IEEE Rev Biomed Eng. 2018;11:77-96. doi: 10.1109/RBME.2017.2777907. Epub 2017 Nov 27.
Bedside caregivers assess infants' pain at constant intervals by observing specific behavioral and physiological signs of pain. This standard has two main limitations. The first limitation is the intermittent assessment of pain, which might lead to missing pain when the infants are left unattended. Second, it is inconsistent since it depends on the observer's subjective judgment and differs between observers. Intermittent and inconsistent assessment can induce poor treatment and, therefore, cause serious long-term consequences. To mitigate these limitations, the current standard can be augmented by an automated system that monitors infants continuously and provides quantitative and consistent assessment of pain. Several automated methods have been introduced to assess infants' pain automatically based on analysis of behavioral or physiological pain indicators. This paper comprehensively reviews the automated approaches (i.e., approaches to feature extraction) for analyzing infants' pain and the current efforts in automatic pain recognition. In addition, it reviews the databases available to the research community and discusses the current limitations of the automated pain assessment.

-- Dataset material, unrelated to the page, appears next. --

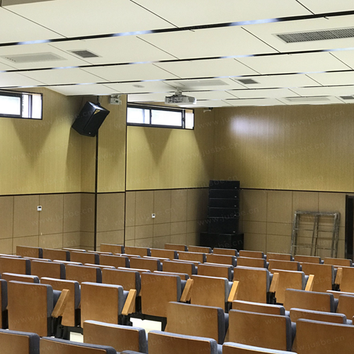 根據需求結合實際場地結構,報告廳擴聲設備采用的JUSBE全頻音箱線陣+次低音音箱+超低頻音箱組合,堆疊式擺放在廳前區左右兩側,精確輻射角度對準整個觀眾區,獲得較強的直達聲,最大程度提供足量的響度。同時在主席臺上配置的4只返聽音箱,保障主席臺上的人員能夠清晰聽到任何擴聲聲音。

床边护理人员通过观察婴儿疼痛的特定行为和生理迹象,在固定时间间隔评估婴儿的疼痛。这种标准有两个主要的局限性。第一个局限性是疼痛的间歇性评估,这可能导致在婴儿无人看管时错过疼痛。其次,它是不一致的,因为它取决于观察者的主观判断,并且在观察者之间存在差异。间歇性和不一致的评估可能导致治疗不佳,并因此造成严重的长期后果。为了减轻这些局限性,可以通过连续监测婴儿并提供疼痛的定量和一致评估的自动化系统来增强当前标准。已经引入了几种自动方法来基于对行为或生理疼痛指标的分析来自动评估婴儿的疼痛。本文全面回顾了用于分析婴儿疼痛的自动化方法(即特征提取方法)以及自动疼痛识别的当前进展。此外,它还回顾了可供研究界使用的数据库,并讨论了自动疼痛评估的当前局限性。